VPNs na mira da censura Russa
As VPNs, que criptografam a conexão dos usuários e mascaram sua localização real, têm sido ferramentas importantes para as pessoas que buscam acessar notícias internacionais e outros conteúdos bloqueados. No entanto, o governo russo intensificou seus esforços para conter o uso dessas redes. Em março de 2024, foi implementada uma nova lei que criminaliza a disseminação de informações sobre como contornar as restrições de internet, incluindo o uso de VPNs.
Atualmente, cerca de 200 serviços de VPN estão bloqueados na Rússia. Entre julho e setembro de 2024, 60 aplicativos de VPN foram silenciosamente removidos da App Store da Apple no país, elevando o total de aplicativos indisponíveis na loja para 98. Apesar disso, alguns serviços ainda conseguem operar, mas a situação está longe de ser estável.
Ao Tech Radar, especialistas da organização Roskomsvoboda descreveram o bloqueio como uma “corrida armamentista” entre desenvolvedores de tecnologia de censura e desenvolvedores de ferramentas de bypass. “Esse confronto tecnológico já dura mais de uma década, então ainda há esperança de superação, mesmo que o cenário esteja cada vez mais restritivo”, afirmou um dos especialistas.
Ampliação da repressão digital
A repressão não se limita ao bloqueio de VPNs. No mesmo dia do teste de desconexão, o Roskomnadzor anunciou planos para restringir o acesso a pelo menos oito grandes provedores de hospedagem na web, incluindo Amazon Web Services (AWS), GoDaddy e HostGator, por não atenderem aos requisitos de censura do governo russo.

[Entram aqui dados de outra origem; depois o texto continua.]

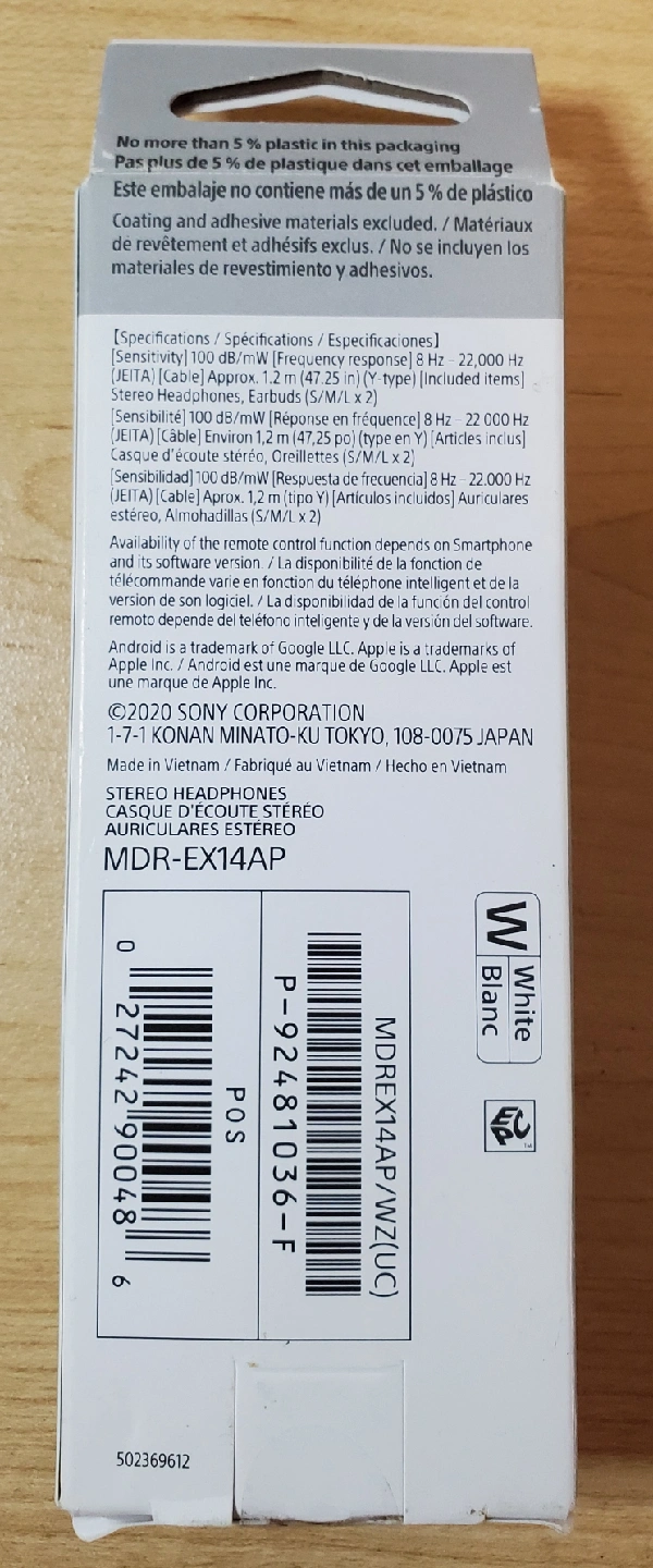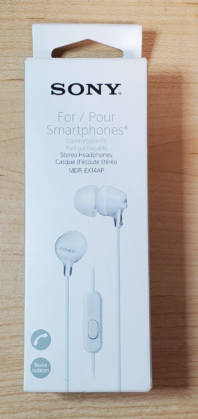 22Selling a brand new pair of Sony MDR-EX14AP stereo headphones in white! These comfortable fit, noise isolating headphones are still in their original packaging. Perfect for smartphones with a tangle-free serrated cable and hands-free phone calls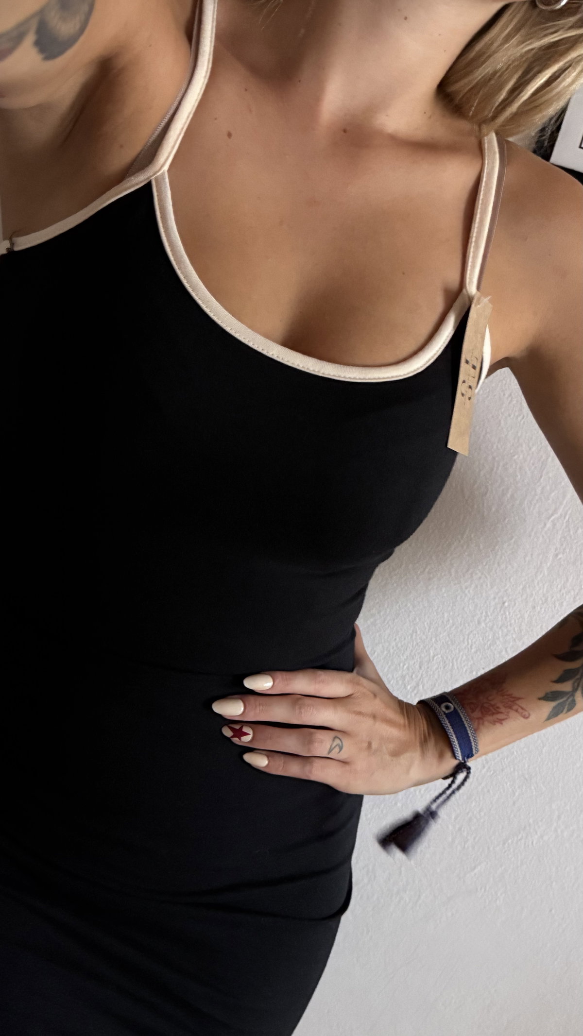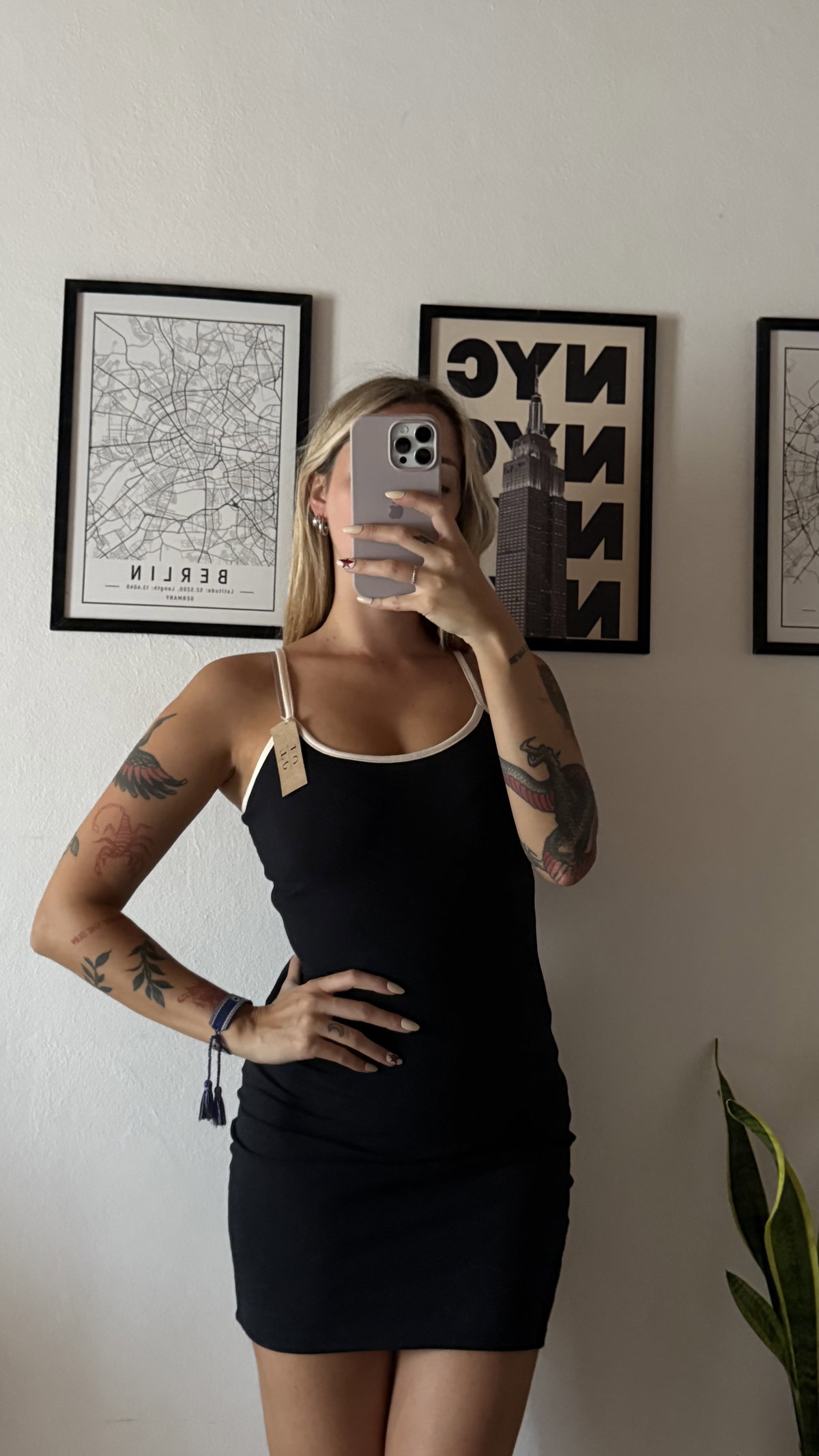 vestido corto de algodon, combinado. es elastizado. talle unico, aprox

Ilya Vaitsman, especialista em TI russo, destacou a gravidade da situação. Ele alertou para um possível aumento na censura contra plataformas de VPN, já que muitos desses serviços utilizam infraestrutura fornecida pelos provedores mencionados. “Embora existam outros sites e servidores pelo mundo, a situação está se deteriorando rapidamente”, afirmou.
Impactos e perspectivas
A experiência de desconexão da Rússia é uma clara demonstração do esforço do Kremlin para reforçar sua soberania digital e controlar o fluxo de informações. Além disso, levanta preocupações globais sobre o impacto de uma internet fragmentada, onde governos podem isolar populações inteiras de conteúdos internacionais.
Especialistas alertam que o fortalecimento da internet soberana russa pode servir de exemplo para outros regimes autoritários, que poderiam adotar medidas semelhantes para consolidar controle interno. Para os cidadãos russos, resta buscar soluções criativas para manter acesso às informações externas, mas o desafio é crescente.
É evidente que essa batalha pela liberdade na internet está longe de ser resolvida. Resta saber como cidadãos, organizações de direitos digitais e empresas de tecnologia reagirão a esse avanço da censura russa.